Task prompt: Lines from the opening of the material through the line containing "m², stylowa z" must be duplicated word for word. Pictures are not.
(Data block begins)
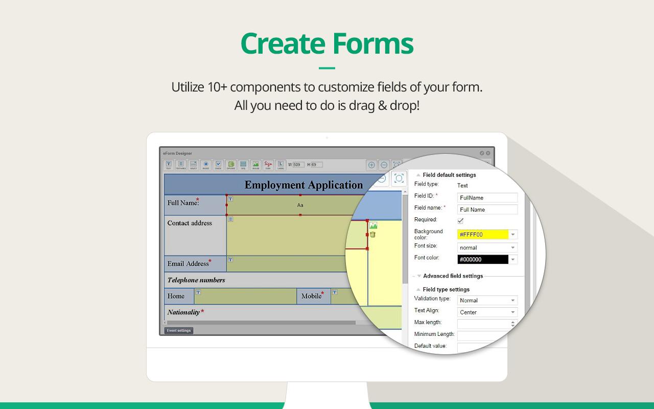 • Easy form generation with various input components such as text, signature, checkbox provided by a built-in form designer tool
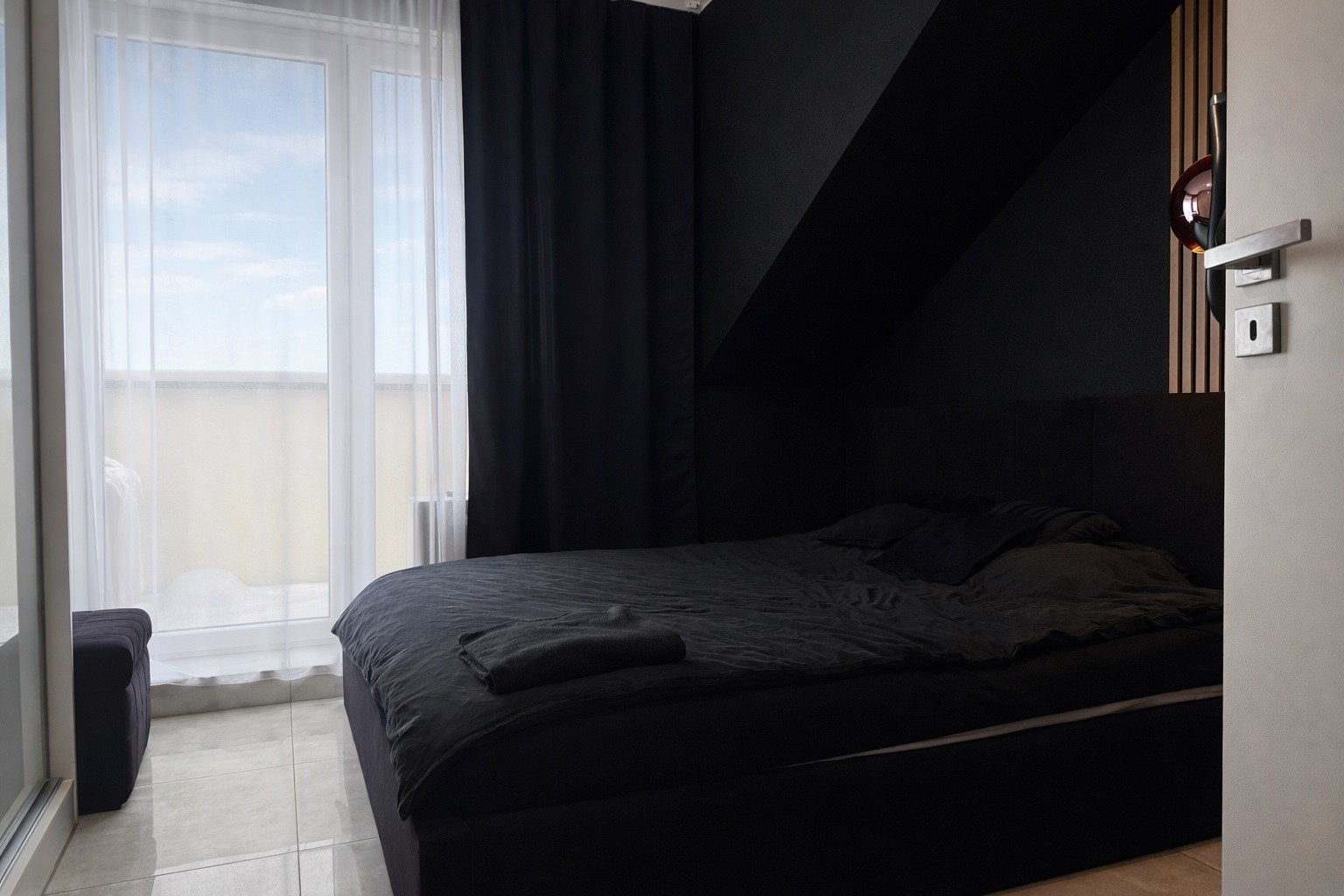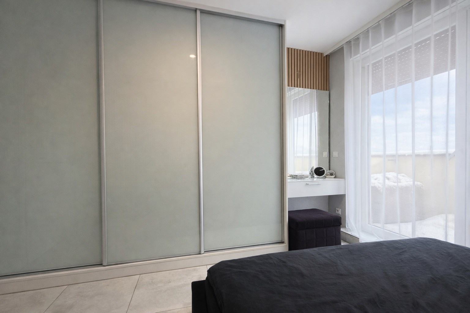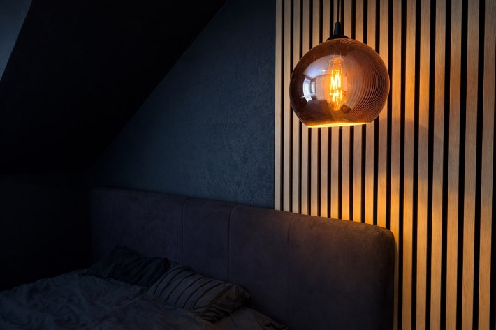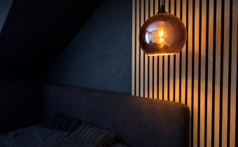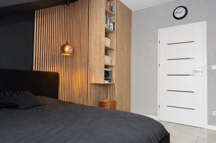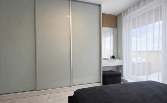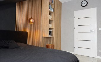 • Główna – 11,52 m², stylowa z lamelami ściennymi, dużą szafą i toaletką oraz wyjściem na balkon,
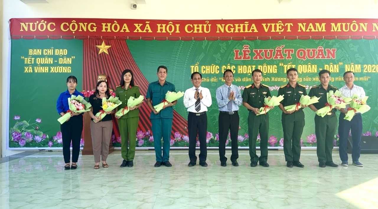 Phát biểu tại buổi lễ, Chủ tịch UBND xã, Trưởng Ban chỉ đạo Tết Quân – Dân xã Vĩnh Xương Bùi Thái Hoàng nhấn mạnh: Các hoạt động Tết Quân – Dân năm 2026 là hoạt động dân vận mang tính tổng hợp, với nhiều nội dung thiết thực hướng đến an sinh xã hội, hậu phương quân đội, đền ơn đáp nghĩa, và tham gia xây dựng kết cấu hạ tầng nông thôn. Qua đó góp phần nâng cao đời sống vật chất, tinh thần cho nhân dân; tạo chuyển biến tích cực trong phát triển kinh tế, văn hóa, xã hội; Đồng thời thể hiện sự quan tâm sâu sắc của cấp ủy Đảng, chính quyền, Mặt trận Tổ quốc, các ban ngành, đoàn thể, lực lượng vũ trang cùng các tổ chức doanh nghiệp, mạnh thường quân. Đây không chỉ là trách nhiệm mà còn là vinh dự của cán bộ, chiến sĩ trong phong trào thi đua “Quân và dân xã Vĩnh Xương chung sức xây dựng nông thôn mới”. Đề nghị các lực lượng nêu cao tinh thần trách nhiệm, tích cực tham gia các hoạt động Tết Quân - Dân bảo đảm chất lượng, hiệu quả, vui tươi, lành mạnh, an toàn và tiết kiệm.
(Data block ends)
Solved problem:
 • Easy form generation with various input components such as text, signature, checkbox provided by a built-in form designer tool
 • Główna – 11,52 m², stylowa z lamelami ściennymi, dużą szafą i toaletką oraz wyjściem na balkon,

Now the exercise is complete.